══ Supplied information
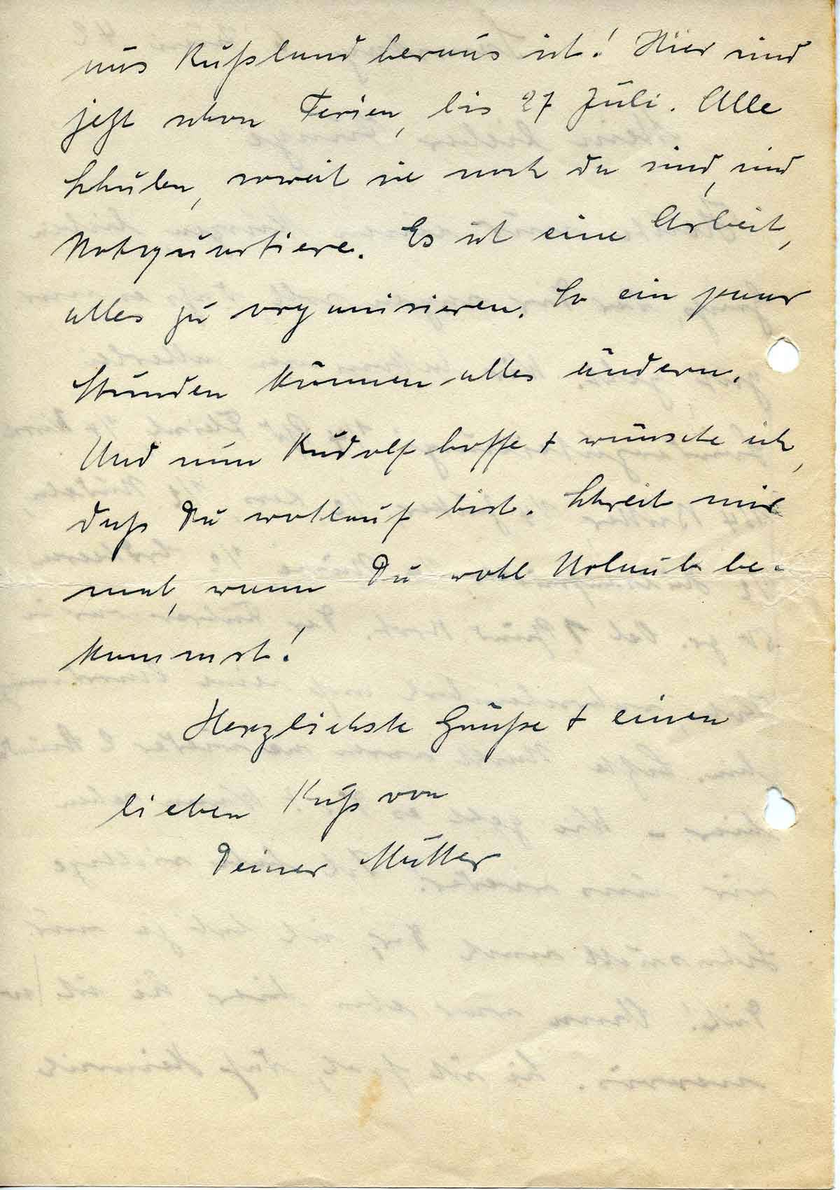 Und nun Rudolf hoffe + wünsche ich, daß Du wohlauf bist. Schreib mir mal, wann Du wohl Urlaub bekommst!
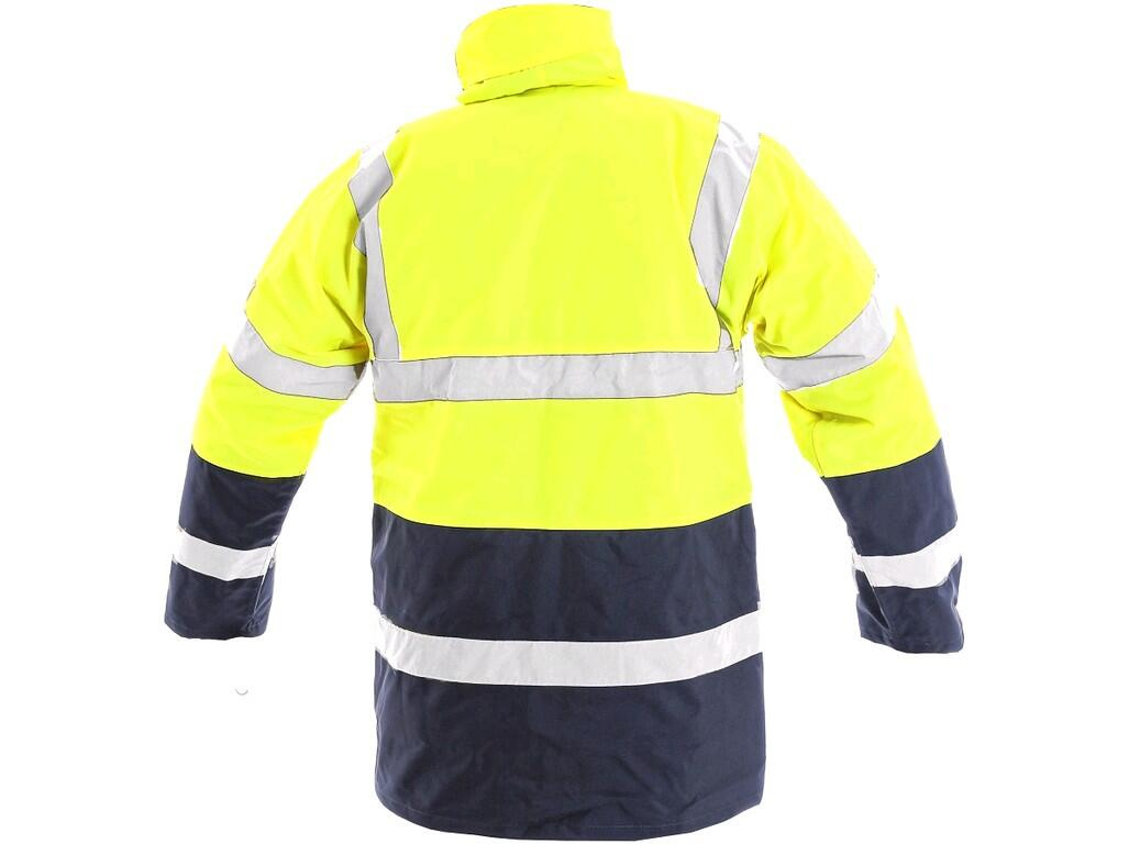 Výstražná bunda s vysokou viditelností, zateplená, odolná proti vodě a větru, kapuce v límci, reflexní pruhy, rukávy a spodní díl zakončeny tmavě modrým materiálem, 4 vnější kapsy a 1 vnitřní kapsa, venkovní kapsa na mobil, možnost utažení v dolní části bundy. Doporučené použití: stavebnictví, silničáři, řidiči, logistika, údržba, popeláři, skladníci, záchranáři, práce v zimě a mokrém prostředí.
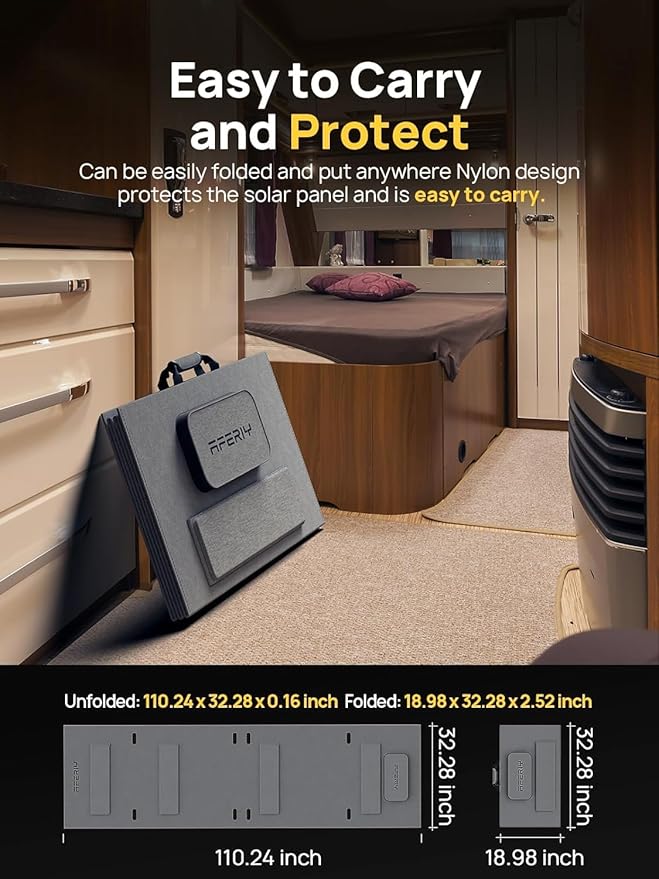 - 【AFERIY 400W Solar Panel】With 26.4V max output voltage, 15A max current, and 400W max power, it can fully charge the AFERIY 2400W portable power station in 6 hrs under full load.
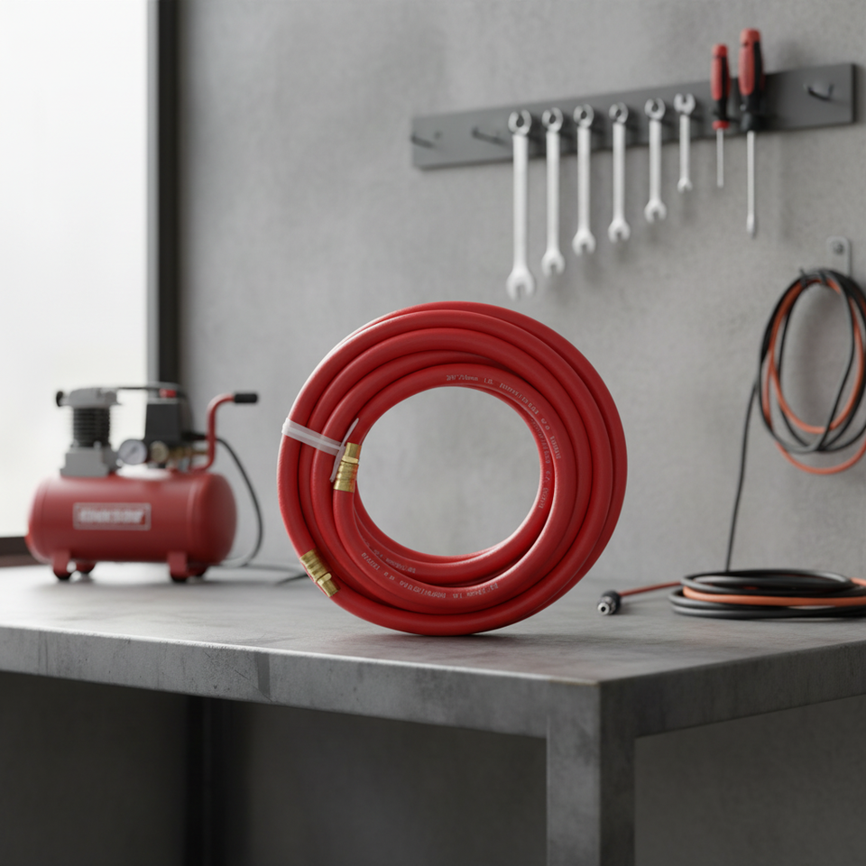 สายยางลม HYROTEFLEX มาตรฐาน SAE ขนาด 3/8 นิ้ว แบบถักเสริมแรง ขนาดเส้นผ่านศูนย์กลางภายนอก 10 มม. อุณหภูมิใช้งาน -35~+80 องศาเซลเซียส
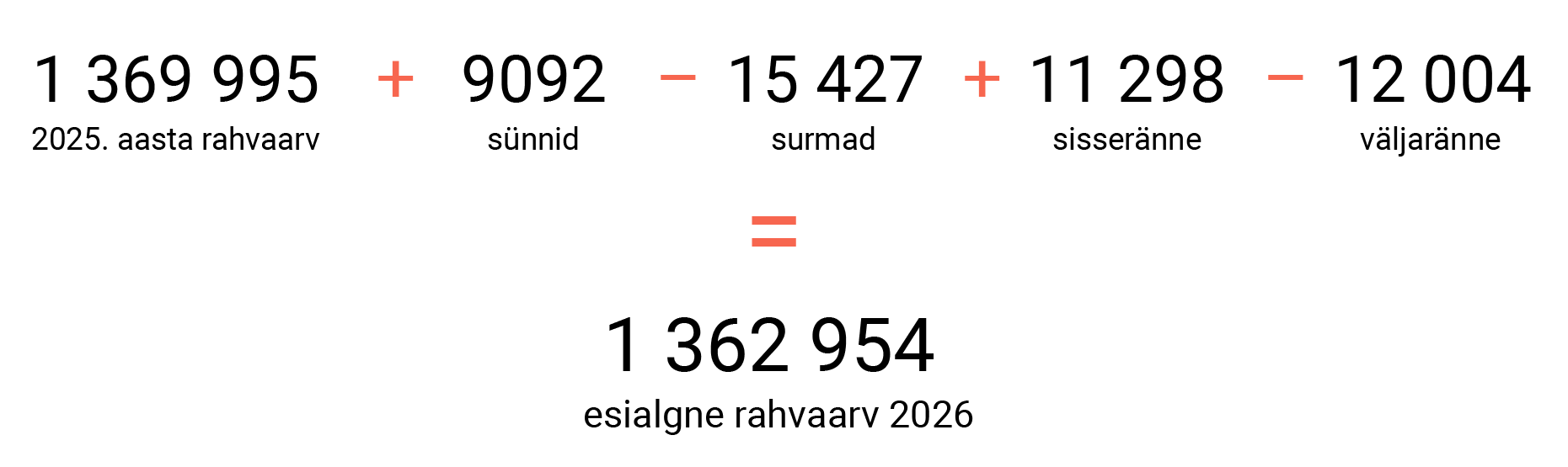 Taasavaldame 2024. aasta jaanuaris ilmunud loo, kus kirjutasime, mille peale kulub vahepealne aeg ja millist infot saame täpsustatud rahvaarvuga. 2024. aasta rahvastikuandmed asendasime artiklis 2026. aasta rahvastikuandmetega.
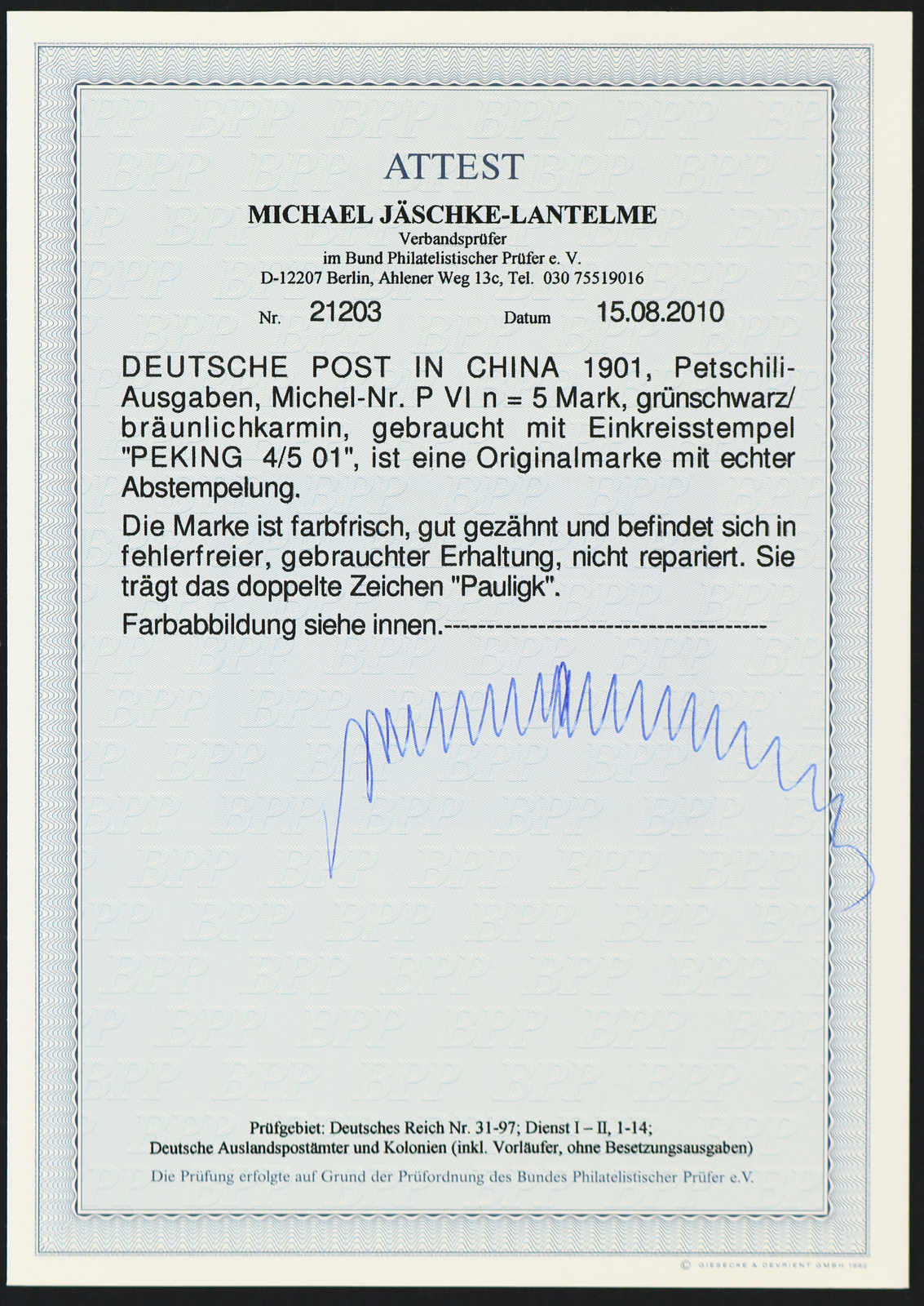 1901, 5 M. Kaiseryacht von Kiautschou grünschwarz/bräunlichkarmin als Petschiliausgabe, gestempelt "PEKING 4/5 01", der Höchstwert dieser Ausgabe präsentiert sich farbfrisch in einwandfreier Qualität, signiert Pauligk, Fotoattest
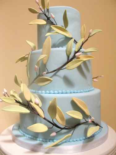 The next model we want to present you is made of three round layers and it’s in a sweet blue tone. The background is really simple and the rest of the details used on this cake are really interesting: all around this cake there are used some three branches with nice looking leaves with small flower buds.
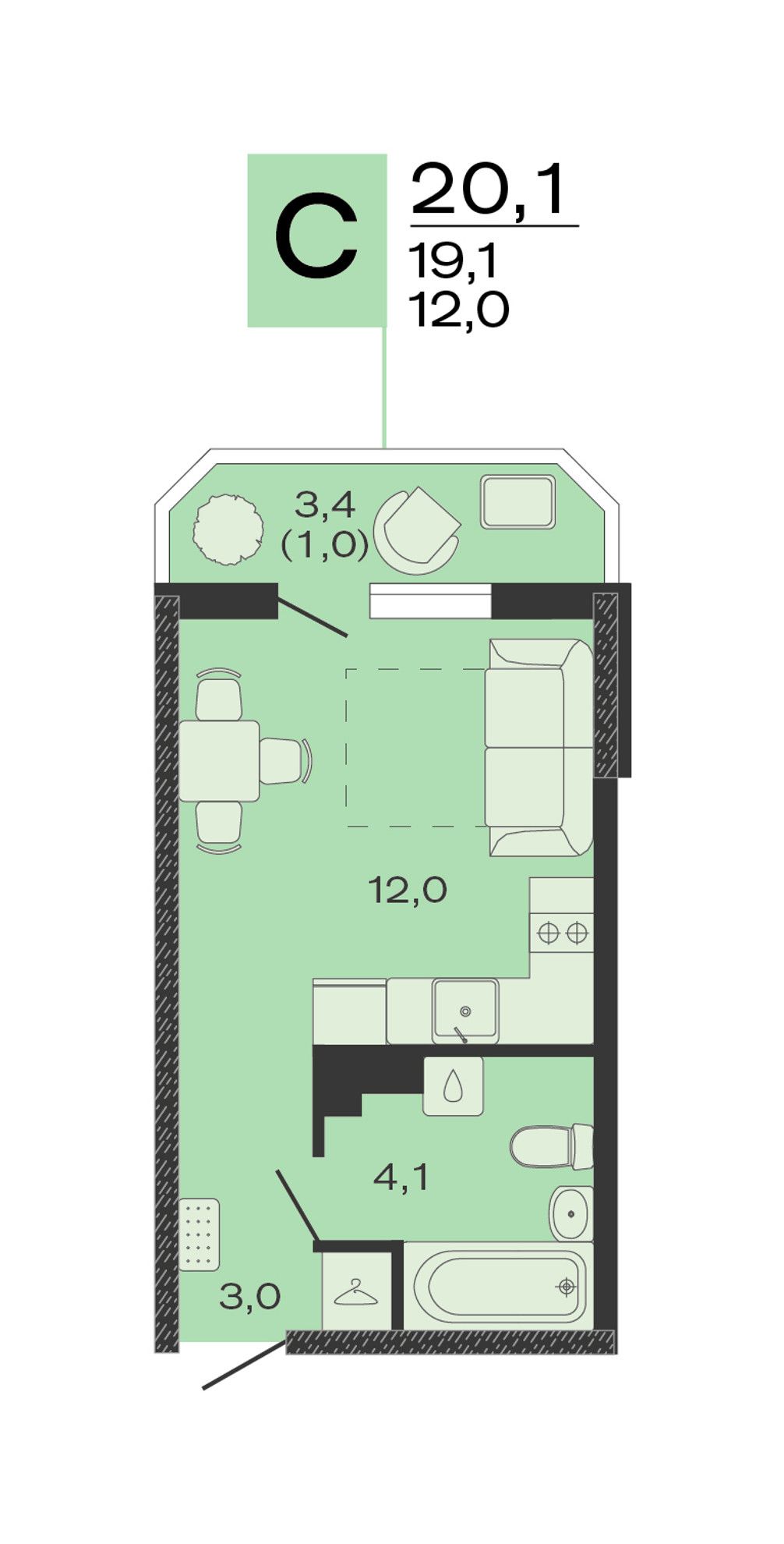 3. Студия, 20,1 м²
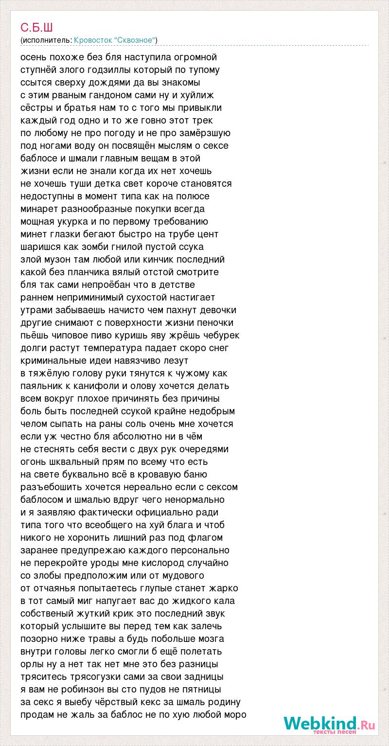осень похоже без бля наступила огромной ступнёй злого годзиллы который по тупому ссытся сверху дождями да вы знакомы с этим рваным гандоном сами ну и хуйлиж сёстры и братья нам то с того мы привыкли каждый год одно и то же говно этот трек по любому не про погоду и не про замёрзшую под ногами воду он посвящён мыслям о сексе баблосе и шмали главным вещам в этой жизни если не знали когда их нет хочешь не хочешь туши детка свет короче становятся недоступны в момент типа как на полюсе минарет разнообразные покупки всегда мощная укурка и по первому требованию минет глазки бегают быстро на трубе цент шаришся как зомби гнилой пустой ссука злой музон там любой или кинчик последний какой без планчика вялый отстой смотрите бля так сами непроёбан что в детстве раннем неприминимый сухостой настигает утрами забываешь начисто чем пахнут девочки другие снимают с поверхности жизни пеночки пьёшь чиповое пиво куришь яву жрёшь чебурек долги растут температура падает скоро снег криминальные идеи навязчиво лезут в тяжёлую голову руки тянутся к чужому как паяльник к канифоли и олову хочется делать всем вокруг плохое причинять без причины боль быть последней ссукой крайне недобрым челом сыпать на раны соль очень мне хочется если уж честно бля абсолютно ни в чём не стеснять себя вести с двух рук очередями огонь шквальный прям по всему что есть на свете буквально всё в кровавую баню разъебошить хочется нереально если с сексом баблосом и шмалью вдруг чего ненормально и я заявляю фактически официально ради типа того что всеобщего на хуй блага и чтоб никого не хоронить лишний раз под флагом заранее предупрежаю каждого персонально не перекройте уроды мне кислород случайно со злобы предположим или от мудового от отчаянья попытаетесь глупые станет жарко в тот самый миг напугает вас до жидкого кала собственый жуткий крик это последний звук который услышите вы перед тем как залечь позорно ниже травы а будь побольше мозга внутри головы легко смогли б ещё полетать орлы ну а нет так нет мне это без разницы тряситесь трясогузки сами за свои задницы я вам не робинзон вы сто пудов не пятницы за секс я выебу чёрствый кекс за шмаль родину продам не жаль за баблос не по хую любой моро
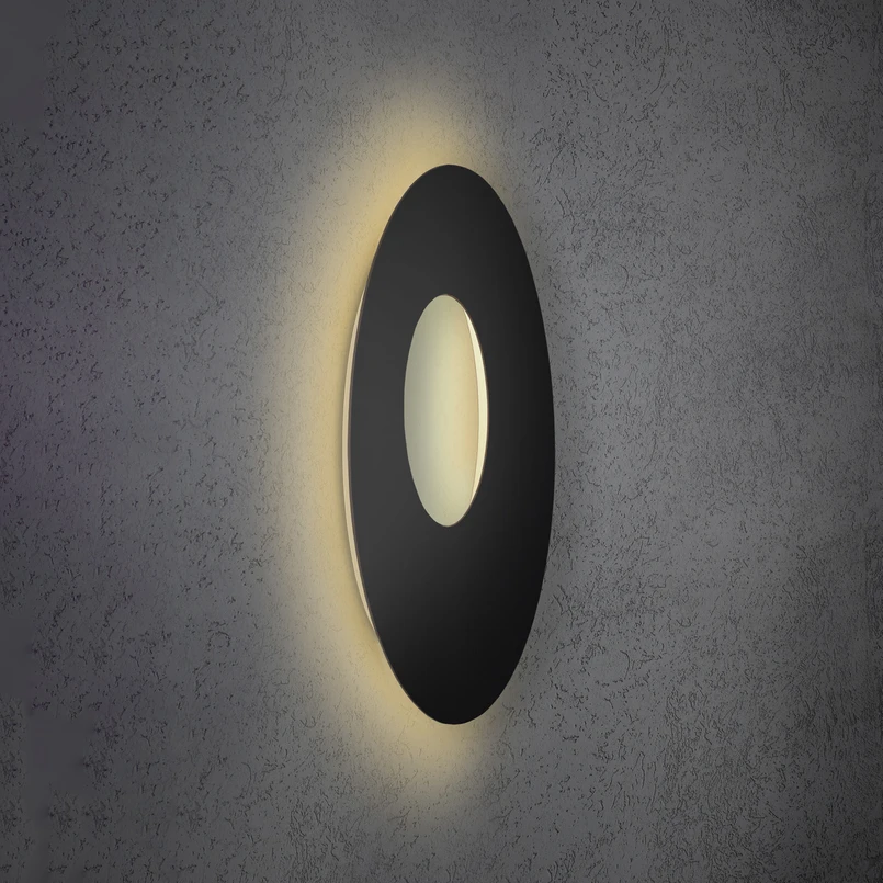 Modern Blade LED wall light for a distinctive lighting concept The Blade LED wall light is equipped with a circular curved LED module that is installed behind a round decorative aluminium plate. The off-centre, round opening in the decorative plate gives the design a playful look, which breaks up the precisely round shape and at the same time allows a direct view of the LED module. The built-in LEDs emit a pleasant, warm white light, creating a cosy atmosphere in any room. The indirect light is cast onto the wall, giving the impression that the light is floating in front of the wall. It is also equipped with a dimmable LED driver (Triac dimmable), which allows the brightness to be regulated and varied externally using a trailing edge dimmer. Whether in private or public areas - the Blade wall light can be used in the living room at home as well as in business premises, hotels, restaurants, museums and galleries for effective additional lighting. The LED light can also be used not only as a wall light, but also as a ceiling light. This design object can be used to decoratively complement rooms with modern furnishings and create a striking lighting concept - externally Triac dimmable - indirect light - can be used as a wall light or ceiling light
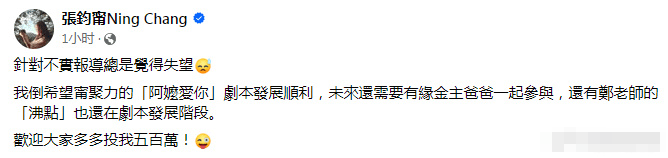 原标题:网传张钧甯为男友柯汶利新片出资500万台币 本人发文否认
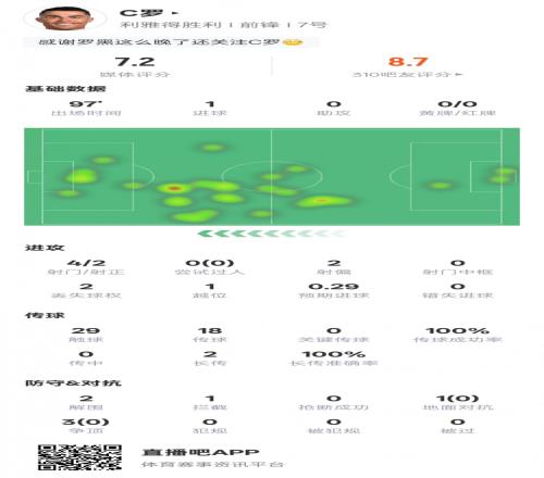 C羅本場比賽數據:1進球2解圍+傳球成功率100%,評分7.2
════
Work item:
Word for word, write out the lines above running from the one with "The next model" up to and including the one with "3. Студия, 20,1 м²". Drop any picture.

Completed exercise:
 The next model we want to present you is made of three round layers and it’s in a sweet blue tone. The background is really simple and the rest of the details used on this cake are really interesting: all around this cake there are used some three branches with nice looking leaves with small flower buds.
 3. Студия, 20,1 м²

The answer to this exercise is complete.